───── Material for this exercise ─────

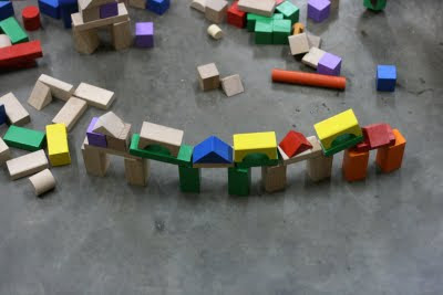 It was a miracle moment for me...they began to build, and play together, sharing the blocks and connecting their little houses to each other's buildings or towers.
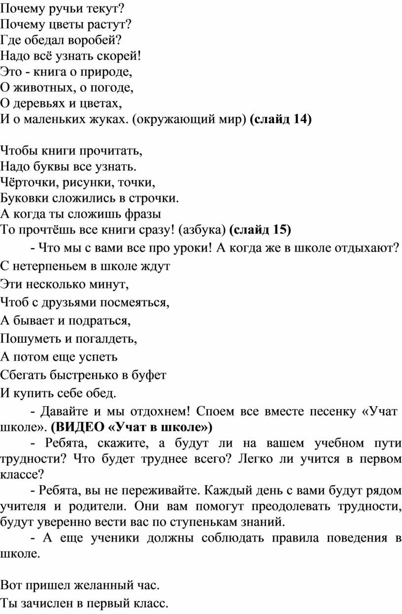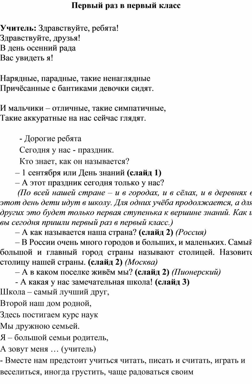 (По всей нашей стране – и в городах, и в сёлах, и в деревнях в этот день дети идут в школу. Для одних учёба продолжается, а для других это будет только первая ступенька к вершине знаний. Как и вы сегодня пришли первый раз в первый класс.)
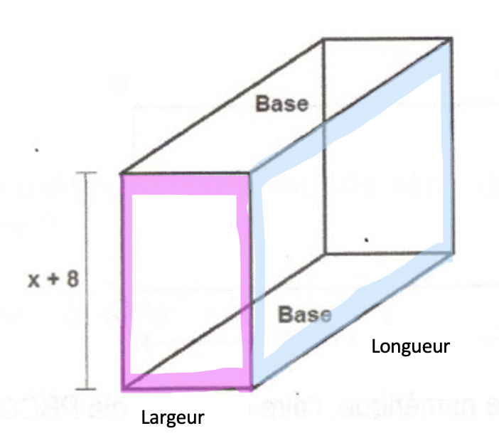 En connaissant l'expression représentant le volume du prisme ainsi que la hauteur de sa base, il est possible de diviser le polynôme par le binôme pour obtenir l'expression représentant la base du prisme.
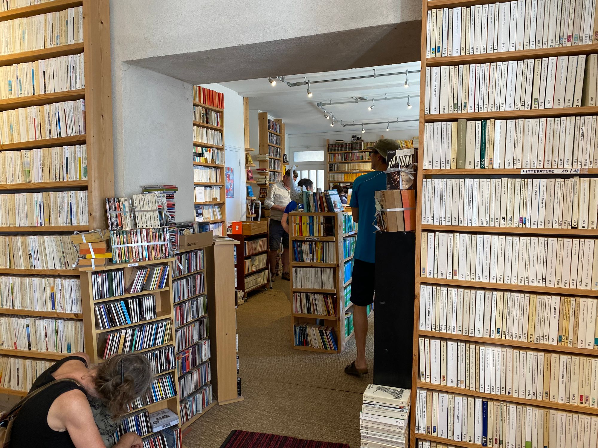 Up the road is Abraxas-Libris's paperback outlet, where we picked up a stack of Livre de Poche, Gallimard, and Penguin books—including several P.G. Wodehouses:
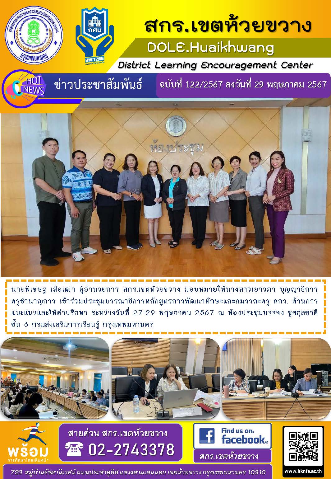 นายพิเชษฐ เสือเฒ่า ผู้อำนวยการ สกร.เขตห้วยขวาง มอบหมายให้นางสาวเยาวภา บุญญาธิการ ครูชำนาญการ เข้าร่วมประชุมบรรณาธิการหลักสูตรการพัฒนาทักษะและสมรรถะครู สกร. ด้านการแนะแนวและให้คำปรึกษา ระหว่างวันที่ 27-29 พฤษภาคม 2567 ณ ห้องประชุมบรรจง ชูสกุลชาติ ชั้น 6 กรมส่งเสริมการเรียนรู้ กรุงเทพมหานคร
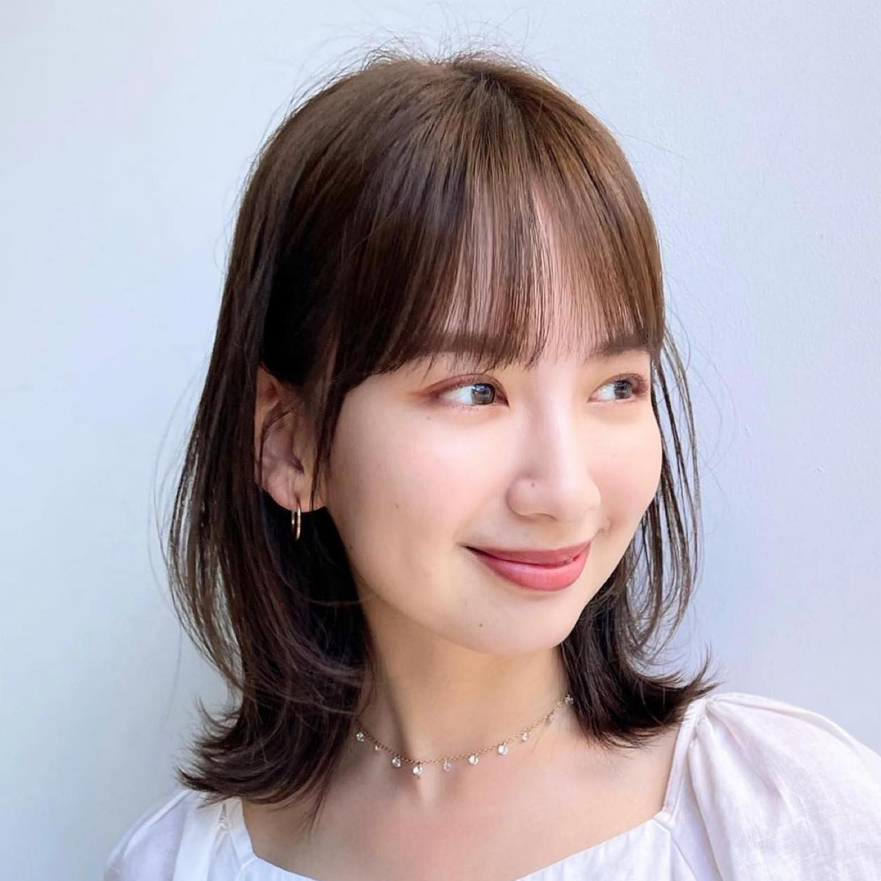 こなれ感をより高めるためにも、毛先すべてを外ハネにするのではなく、内巻きベースでところどころに外ハネをMIXするのがポイント。また、前髪を透け感たっぷりに仕上げて軽さを演出することで、印象を左右する眉毛も程良く見えるので表情もイキイキとしてきます。
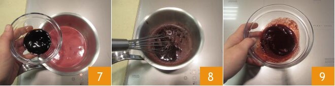 Transfiere el jugo de granada a un cazo, añade la glasa de vinagre balsámico 7 y deja reducir a fuego lento, removiendo a menudo 8. Luego transfiere al interior de un bol y deja enfriar 9.
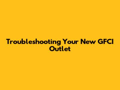 Troubleshooting Your New GFCI Outlet
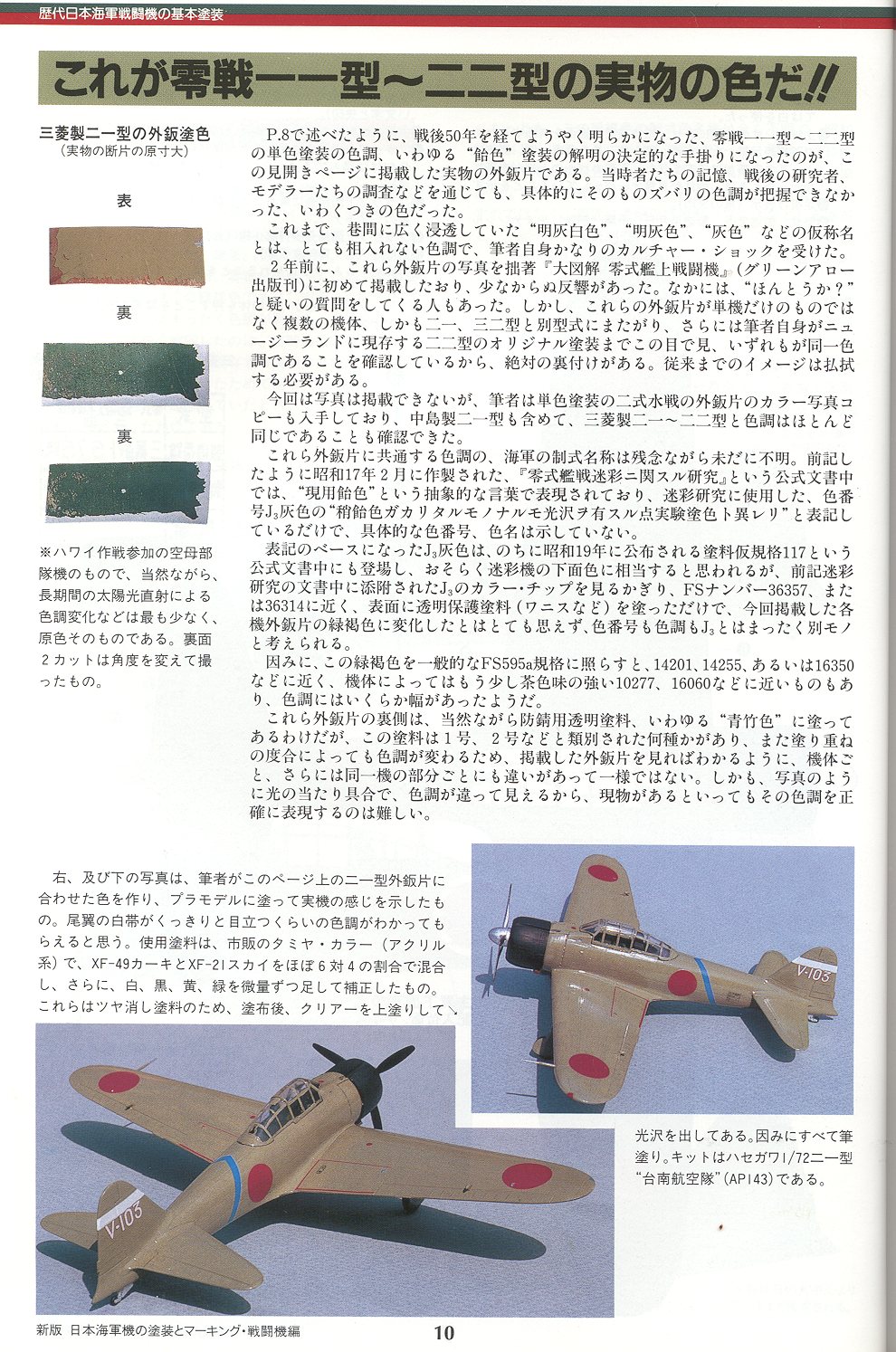 the war, we have at last identified the color worn by Model 11 to Model 22 Zero-sen.
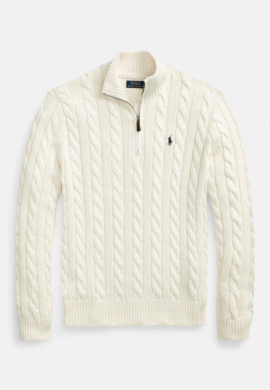 Polo Ralph Lauren CABLE-KNIT COTTON QUARTER-ZIP SWEATER – Jumper – fawn grey heather
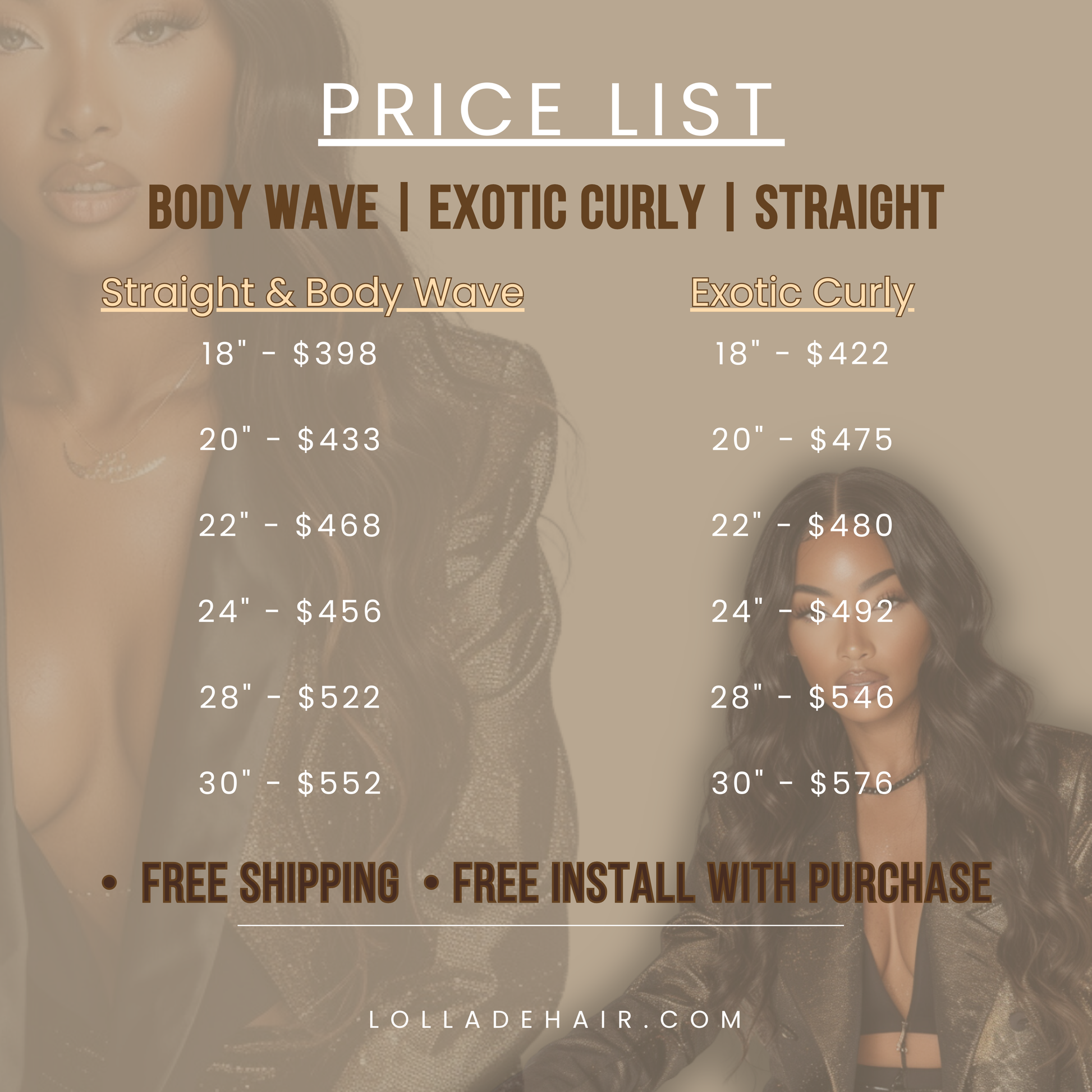 At Lollade Hair, we offer only the highest quality bundles in Straight, Body Wave, and Exotic Curly textures. Our hair is soft, full from root to tip, minimal shedding, and made to last whether you’re slaying a sleek look or voluminous curls.
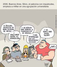 - Proyecto nacional. “La UBA sigue aislada de lo que pasa en el país”, opinó Cristian Bay, del Frente Estudiantil de Unidad, mayoría en la Facultad de Ciencias Sociales. “Queremos que haya una mayor planificación y que la universidad se inserte en la sociedad y discuta más la realidad. La universidad tiene que ser parte de un proyecto de nación. Este discurso, que está presente en muchos candidatos al rectorado, debería plasmarse en proyectos concretos para volver a la universidad más popular.” Bay, militante de la Vallese, una agrupación peronista afín al kirchnerismo, dijo que en la asamblea un candidato a votar para el rectorado sería Pablo Jacovkis, decano saliente de Exactas. Y enumeró propuestas: “Habría que modificar el sistema de becas de ayuda estudiantil. Hace falta un sistema más amplio y más vinculado con lo socioeconómico, no tanto con lo académico: porque si un estudiante tiene problemas económicos, lo más probable es que no pueda tener un buen rendimiento académico –dijo–. También hay que replantear la distribución del presupuesto de la UBA: Sociales tiene la cuarta matrícula de la universidad y no tiene un presupuesto acorde. No sólo hacen falta recursos para salarios, también se necesita más inversión en infraestructura en Sociales y en otras facultades, como Psicología”.
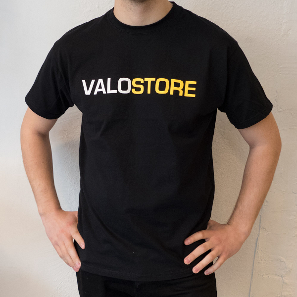 T-shirt med Valostore -tryck. Utmärkt tryckkvalitét. 100% bomull, tål maskintvätt.
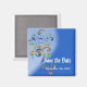 Speichern Sie den Datums-Magneten. Tropische Farbe Stil Blumenmuster im blauen Hintergrund.
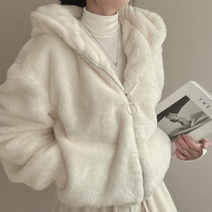 2023 새로운 한국 가을과 겨울 프랑스 틈새 지퍼 후드 따뜻한 캐주얼 스포츠 플러시 코트 여성스토어 가기
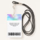 Easily personalise this Custom White Employee Name Badge with Photo, Scan Bar Code and business logo. A simple business design in iridescent holographic ombre colours and white colours fully customisable in front and back sizes, sans-serif basic and modern fonts and a professional and clear look. Avaiable with lanyard, metal clip or with retractable. No minimum order.
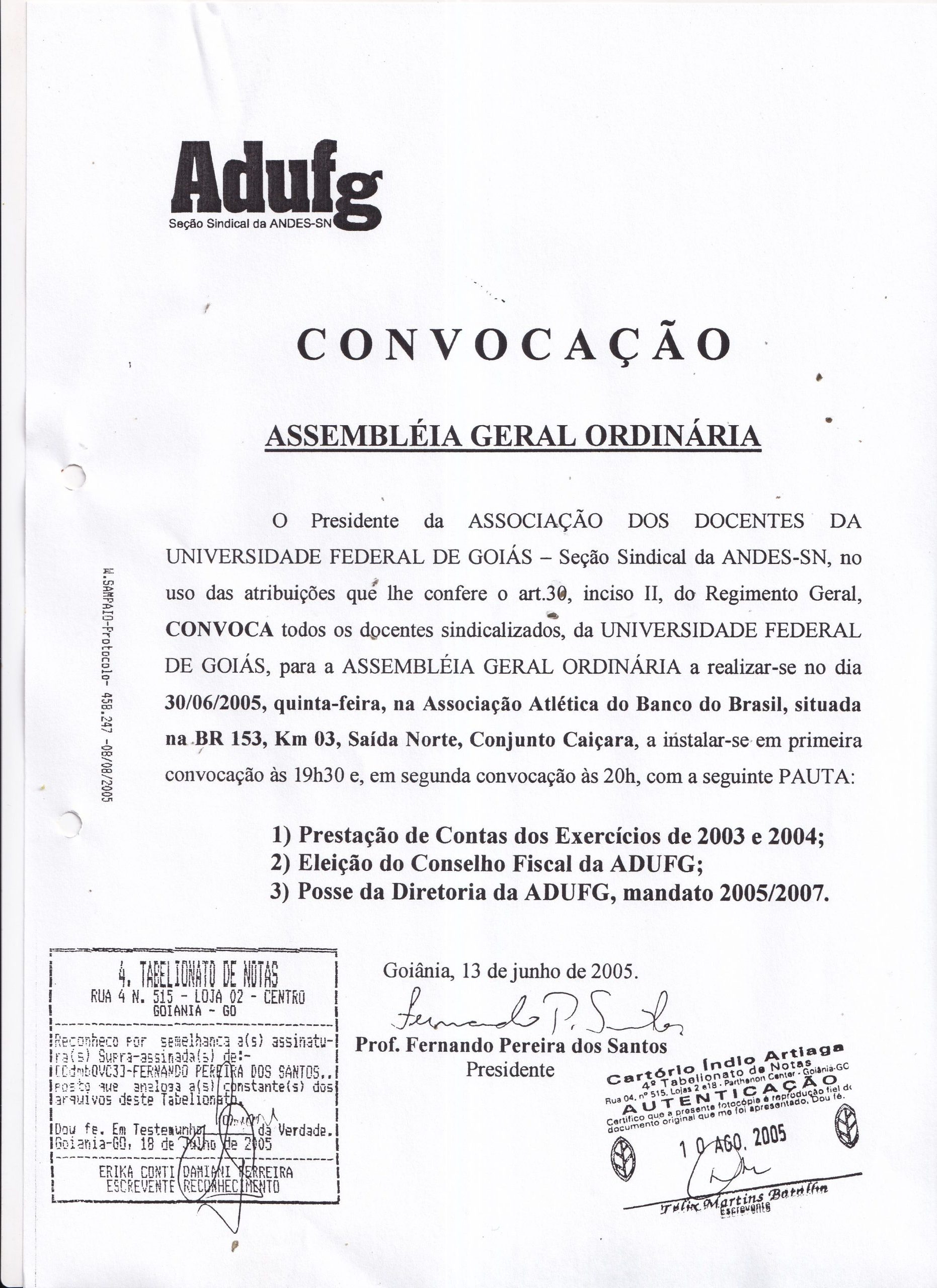 Convocação para assembleia geral ordinária Voltar 31 de janeiro de 2024 por Gustavo Alves Oliveira   Documento 006 BaixarMetadadosMiniatura Compartilhar Código de referênciaBR GO ADUFG CONVFundoADUFGSub-fundoComunicaçãoSérieEleiçãoTítuloConvocação para assembleia geral ordináriaEntidade produtoraAdufg-SindicatoSuporteDigitalData30 de junho de 2005 Continue navegando Recibo – Millennium corretora de seguros Ofício N° 04/2014 Voltar para a página de itens

─────

Using the data above, retype exactly and only the lines from the one containing "Transfiere el jugo" up to and including the one containing "At Lollade Hair, we", with no pictures carried over.

 Transfiere el jugo de granada a un cazo, añade la glasa de vinagre balsámico 7 y deja reducir a fuego lento, removiendo a menudo 8. Luego transfiere al interior de un bol y deja enfriar 9.
 Troubleshooting Your New GFCI Outlet
 the war, we have at last identified the color worn by Model 11 to Model 22 Zero-sen.
 Polo Ralph Lauren CABLE-KNIT COTTON QUARTER-ZIP SWEATER – Jumper – fawn grey heather
 At Lollade Hair, we offer only the highest quality bundles in Straight, Body Wave, and Exotic Curly textures. Our hair is soft, full from root to tip, minimal shedding, and made to last whether you’re slaying a sleek look or voluminous curls.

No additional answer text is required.